Mark Janoschak

Personal information
- Born: December 2, 1968 (age 57) Bramalea, Chinguacousy Township, Ontario

Figure skating career
- Country: Canada
- Skating club: Upper Canada-NY SC Chinguacousy SC

= Mark Janoschak =

Canadian ice dancer

Mark Janoschak (born December 2, 1968, in Bramalea, a community in Chinguacousy Township) is a Canadian ice dancer. With partner Jacqueline Petr, he is the 1992 Canadian national champion. They represented Canada at the 1992 Winter Olympics, where they placed 12th.

==Career==
A few months after he and Jacqueline Petr teamed up, they placed 7th at the 1987 World Junior Championships.

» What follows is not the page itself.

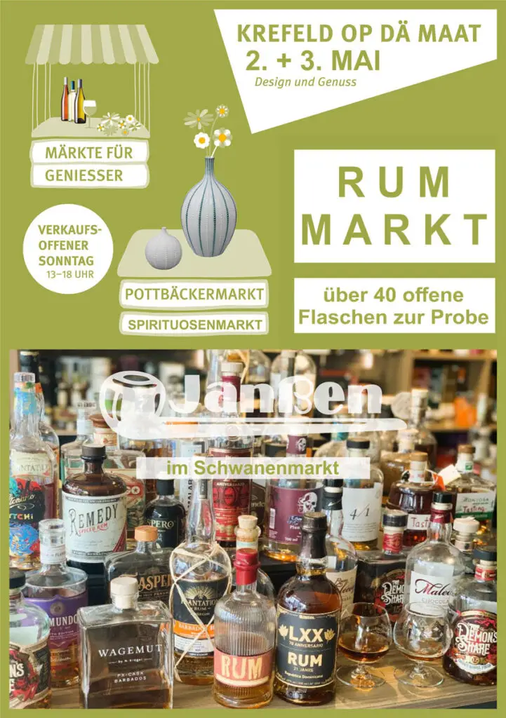 Entdecken Sie den einzigartigen Rum Markt im Schwanenmarkt am 2. und 3. Mai 2026! Unter dem Motto „Krefeld op dä Maat“ erwartet Sie ein genussvolles Wochenende mit über 40 offenen Flaschen erlesener Rumsorten.

Two years later, Petr and Janoschak placed 6th at the Canadian Championships. The following year, they won the bronze medal. In 1991, they won the silver medal and qualified for the 1991 World Championships, where they placed 10th.

In 1992, Petr and Janoschak won their national title and were selected for the 1992 Winter Olympics. During a practice session on February 10, Petr's right skate hit her left calf, requiring 22 stitches. They finished 12th at the Olympics. At the 1992 World Championships, they placed 12th.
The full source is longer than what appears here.